§ **WHAT THE TASK ASKS**:
Could you retype the lines below, starting at the line holding "为营造浓厚的创新创业氛围,提" and stopping at the line holding "This limited edition", inclusive? Copy them exactly and drop the images.

§ **STORED DATA**:
# # # # #
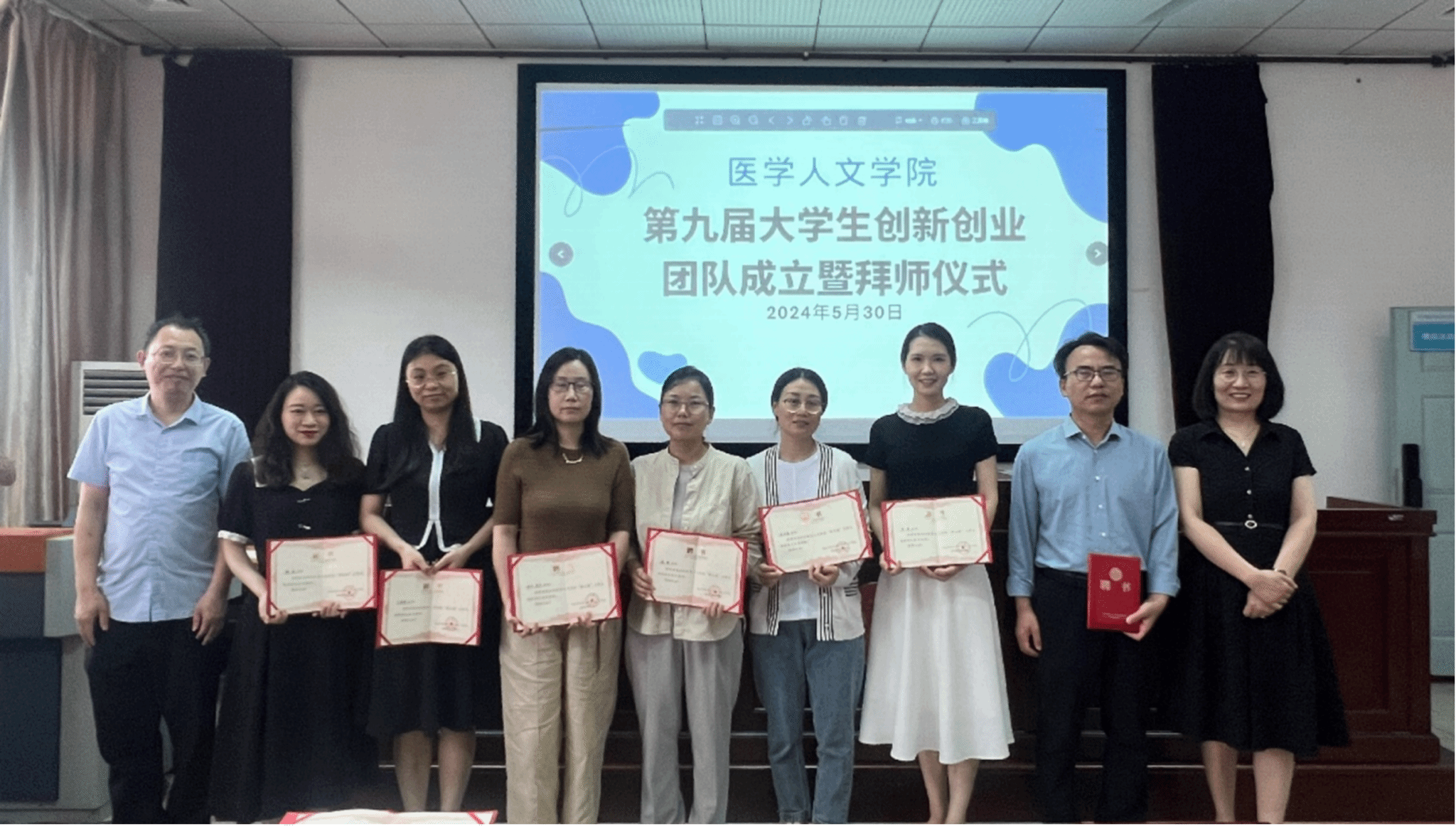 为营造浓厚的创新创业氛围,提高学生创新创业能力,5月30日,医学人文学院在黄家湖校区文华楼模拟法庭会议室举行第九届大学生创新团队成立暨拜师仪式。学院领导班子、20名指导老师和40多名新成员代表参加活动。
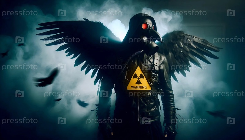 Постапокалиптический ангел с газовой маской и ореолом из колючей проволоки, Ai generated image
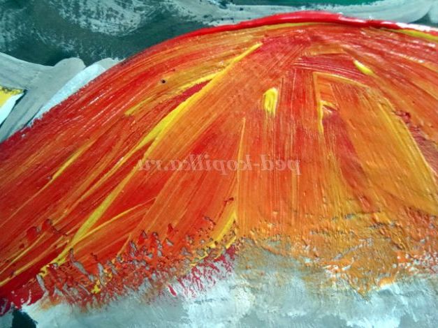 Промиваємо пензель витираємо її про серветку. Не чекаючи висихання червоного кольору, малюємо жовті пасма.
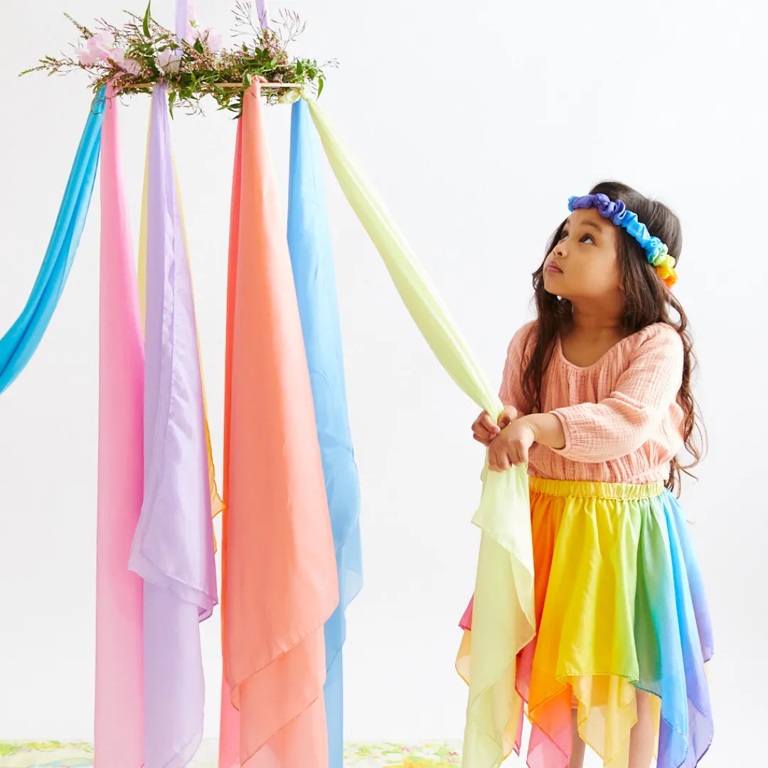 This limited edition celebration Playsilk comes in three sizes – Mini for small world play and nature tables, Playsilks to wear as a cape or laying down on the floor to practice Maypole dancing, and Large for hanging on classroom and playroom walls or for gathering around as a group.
# # # # #
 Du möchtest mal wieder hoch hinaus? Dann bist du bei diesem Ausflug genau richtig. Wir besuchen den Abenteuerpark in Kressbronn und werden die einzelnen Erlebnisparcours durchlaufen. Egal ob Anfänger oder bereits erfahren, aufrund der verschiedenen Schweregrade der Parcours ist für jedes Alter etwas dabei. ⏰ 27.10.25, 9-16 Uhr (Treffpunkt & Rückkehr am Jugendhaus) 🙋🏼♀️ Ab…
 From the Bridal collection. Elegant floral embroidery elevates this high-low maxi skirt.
# # # # #
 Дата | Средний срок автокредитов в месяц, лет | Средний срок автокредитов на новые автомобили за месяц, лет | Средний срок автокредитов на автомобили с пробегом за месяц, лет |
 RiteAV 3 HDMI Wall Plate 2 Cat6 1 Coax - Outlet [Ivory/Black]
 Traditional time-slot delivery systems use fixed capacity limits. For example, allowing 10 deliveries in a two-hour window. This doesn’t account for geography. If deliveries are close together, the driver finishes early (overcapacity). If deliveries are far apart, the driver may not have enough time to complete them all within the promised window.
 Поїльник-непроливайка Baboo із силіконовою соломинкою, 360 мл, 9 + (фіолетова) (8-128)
# # # # #
§ **RESPONSE TO THIS EXERCISE**:
 为营造浓厚的创新创业氛围,提高学生创新创业能力,5月30日,医学人文学院在黄家湖校区文华楼模拟法庭会议室举行第九届大学生创新团队成立暨拜师仪式。学院领导班子、20名指导老师和40多名新成员代表参加活动。
 Постапокалиптический ангел с газовой маской и ореолом из колючей проволоки, Ai generated image
 Промиваємо пензель витираємо її про серветку. Не чекаючи висихання червоного кольору, малюємо жовті пасма.
 This limited edition celebration Playsilk comes in three sizes – Mini for small world play and nature tables, Playsilks to wear as a cape or laying down on the floor to practice Maypole dancing, and Large for hanging on classroom and playroom walls or for gathering around as a group.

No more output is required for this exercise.